26 April 2012

« Alouettes sans tête »

Yesterday I made the beef roll-ups that are called « alouettes sans tête » in French — "headless larks." Another name for them is simply "headless birds" — « oiseaux sans tête » — which some sources say is a Belgian term. And finally, they are called « paupiettes » or "roulades." You might find all these terms used interchangeably. And there are no actual larks on the ingredient list.

The recipe I made came from an idea that a Frenchwoman named Françoise left in a comment on my earlier post about turkey breast paupiettes. Françoise said that, in Provence, people cook thin slices of beef rolled up around a stuffing of pork, onions, garlic, and herbs. They cook them in tomato sauce with green olives. "The name of this dish is alouettes sans tête. Try it, it is delicious !" she wrote.

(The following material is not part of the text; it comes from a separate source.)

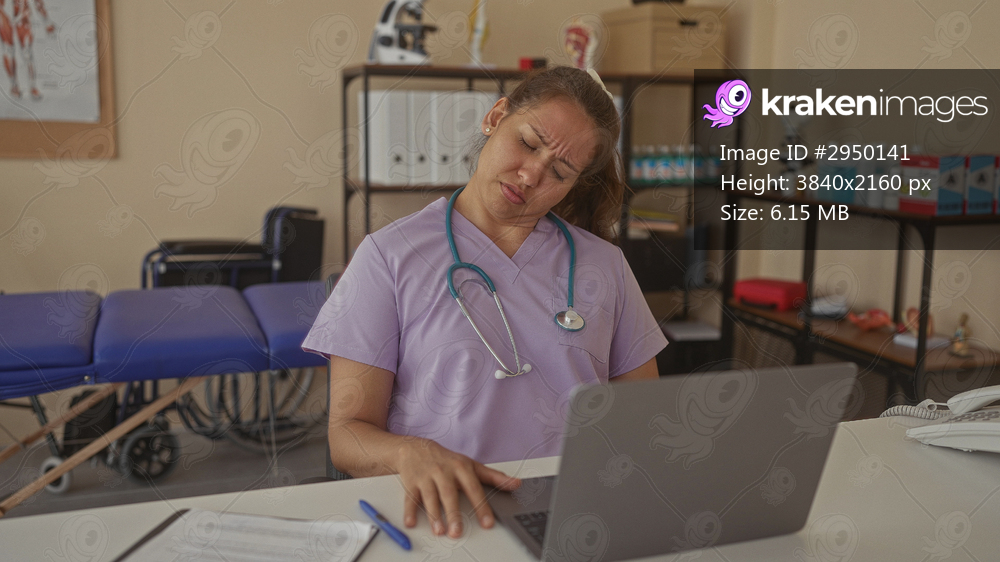 Woman doctor with stethoscope tilts head back exposing neck at clinic desk with laptop and telephone; fatigue burnout resilience.

Making paupiettes for alouettes sans tête
So I did. I used the same pork, mushroom, and onion stuffing I had made for the turkey breast roll-ups and saved in the freezer, adding to it some chopped sun-dried tomatoes and green olives for extra flavor. Then I made the paupiettes by just spreading the stuffing on beefsteaks flattened with a meat pounder/tenderizer before rolling them up and tying them into little packets. I didn't think I needed to wrap them in strips of bacon this time.

Brown them in oil or butter
The next step is to brown the paupiettes in butter or oil, turning them so they brown on all sides. That takes about 10 minutes.

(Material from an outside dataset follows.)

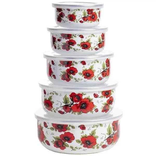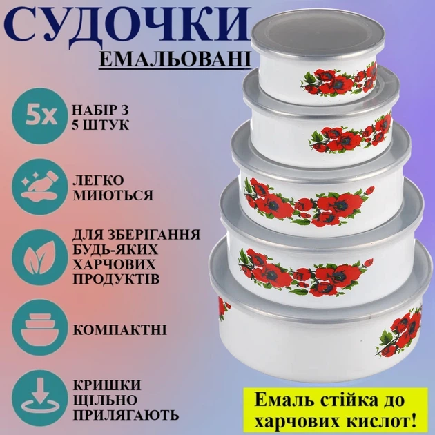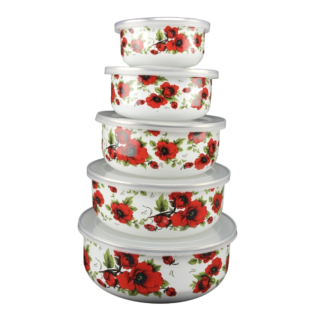 Набір круглих судочків A-PLUS 5 шт (0967) Емаль "Маки"

Pour on tomato sauce and let them simmer
When they are browned, add about a cup of good tomato sauce to the pan and let the paupiettes simmer in it for an hour or so, adding wine or water as needed to keep the sauce from drying out. You can let them simmer, covered, on top of the stove, or in the oven.

Alouettes sans tête with macaroni
We ate these alouettes sans tête with pasta, but they'd be good with polenta or even rice, I think. One per person is probably enough. Good bread, good red wine, and a nice green salad complete the meal.


  1. I didn’t have my breakfast yet and it makes me hungry. Those poor birds look terrific. I’m sure they are delicious too. Lucky you!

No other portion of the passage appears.